Omnibus Law Mengancam Alam

Oleh : Sofia Ariyani, S.S.m (Pemerhati Kebijakan Publik)

UU Omnibus Law diketuk palu. Pengusaha menyambut baik angin segar ini. Artinya investor asing akan berbondong-bondong membuka usaha di Indonesia. Adakah hal ini kabar baik untuk rakyat? Nampaknya tidak. Tidak hanya buruh yang menjadi objek penderita, lingkungan hidup pun akan terdampak atas disahkannya UU sapu jagat ini.

Sekali mendayung, dua tiga pulau terlampaui. Begitulah UU Omnibus Law dibuat, mengundang kontroversial. Memberikan "lapangan pekerjaan" tapi juga membuka bahaya bagi lingkungan hidup.

Dilansir oleh cnnindonesia.com, Pakar hukum lingkungan dari Universitas Gadjah Mada (UGM) Totok Dwi Widiantoro menilai UU Cipta Kerja mengeksploitasi sumber daya negara, baik alam dan manusia. Ini dilihat dari berbagai pasal yang diatur dalam UU yang diharapkan mendongkrak investasi itu.

"Spirit dan semangat UU ini berorientasi utama pada ekstraksi. Jadi mengejar kepentingan eksploitasi lingkungan dan sumber daya alam, termasuk manusia," katanya melalui konferensi pers daring yang digelar FH UGM, Selasa (6/10). (cnnindonesia.com, 06/10/2020)
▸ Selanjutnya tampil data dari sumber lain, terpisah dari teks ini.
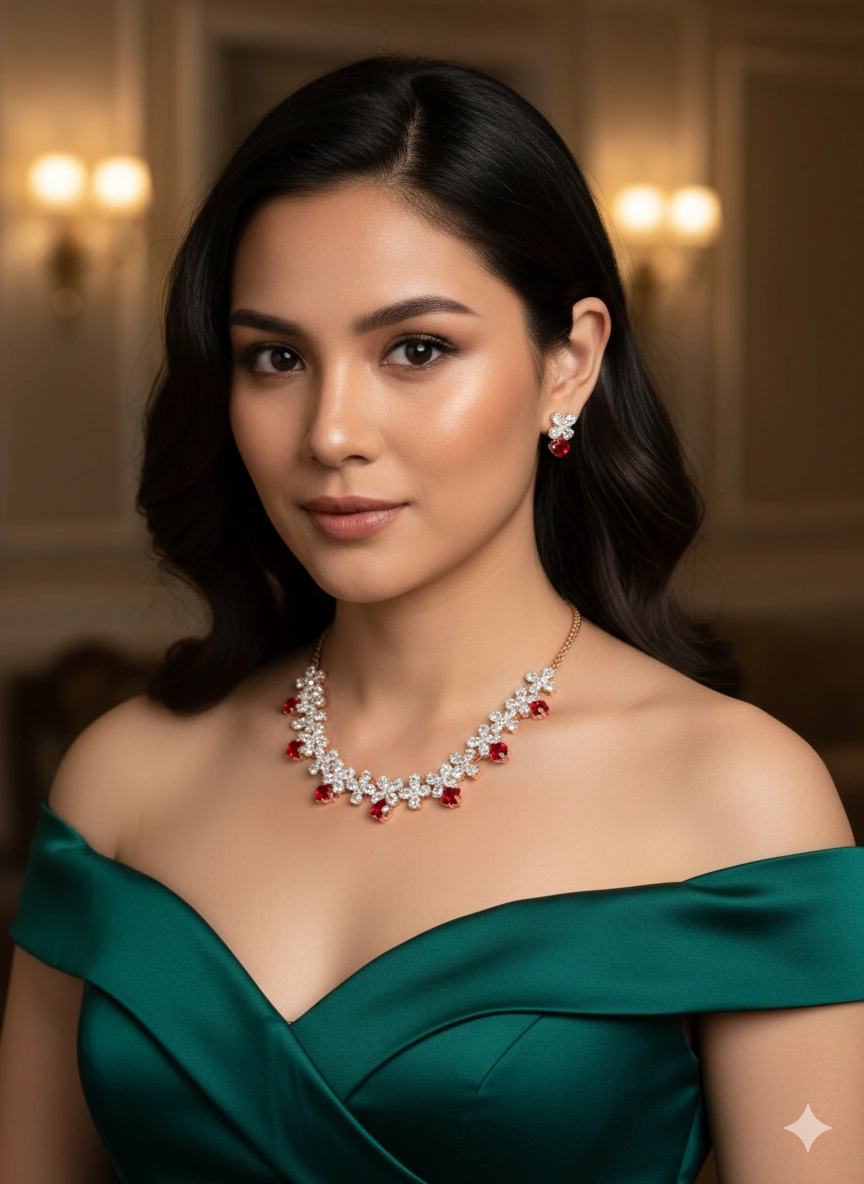Suitable for festive events, traditional gatherings, and special occasions, this necklace set delivers decorative detailing, symmetrical placement, and coordinated accessory styling within an accessible price segment.

Dengan dalih akan mempermudah membuka lapangan pekerjaan sejatinya undang-undang ini merusak alam. Kemudahan itu nampak pada pasal 24 ayat 1 yang menyebutkan analisis mengenai dampak lingkungan atau Amdal menjadi dasar uji kelayakan lingkungan hidup oleh tim dari lembaga uji kelayakan pemerintah pusat. Hal ini bertolak belakang dengan aturan sebelumnya. Dalam UU Nomor 32 Tahun 2009 menyebutkan dokumen Amdal dinilai oleh Komisi Penilai Amdal yang dibentuk menteri, gubernur, atau bupati/wali kota sesuai kewenangan. Jika tidak ada rekomendasi Amdal, maka izin lingkungan tak akan terbit. (katadata.co.id, 06/10/2020)

Dalam Omnibus Law, angka 30 persen hilang dan pengaturan diserahkan kepada pemerintah pusat di tingkat yang lebih rendah dari UU, yaitu Peraturan Pemerintah (PP).

"Pemerintah pusat mengatur luas kawasan yang harus dipertahankan sesuai kondisi fisik dan geografis DAS dan/atau pulau," demikian beleid ini di Pasal 18 ayat 2 ini diganti, dalam Pasal 36 Omnibus Law.

Alasan penghapusan kewajiban 30 persen ini tertuang dalam naskah akademik Omnibus Law halaman 1347. "Kewajiban mempertahankan kawasan hutan minimal 30 persen ini sudah tidak relevan dengan perkembangan saat ini mengingat di Pulau Jawa sendiri, kawasan hutan sudah kurang dari 30 persen"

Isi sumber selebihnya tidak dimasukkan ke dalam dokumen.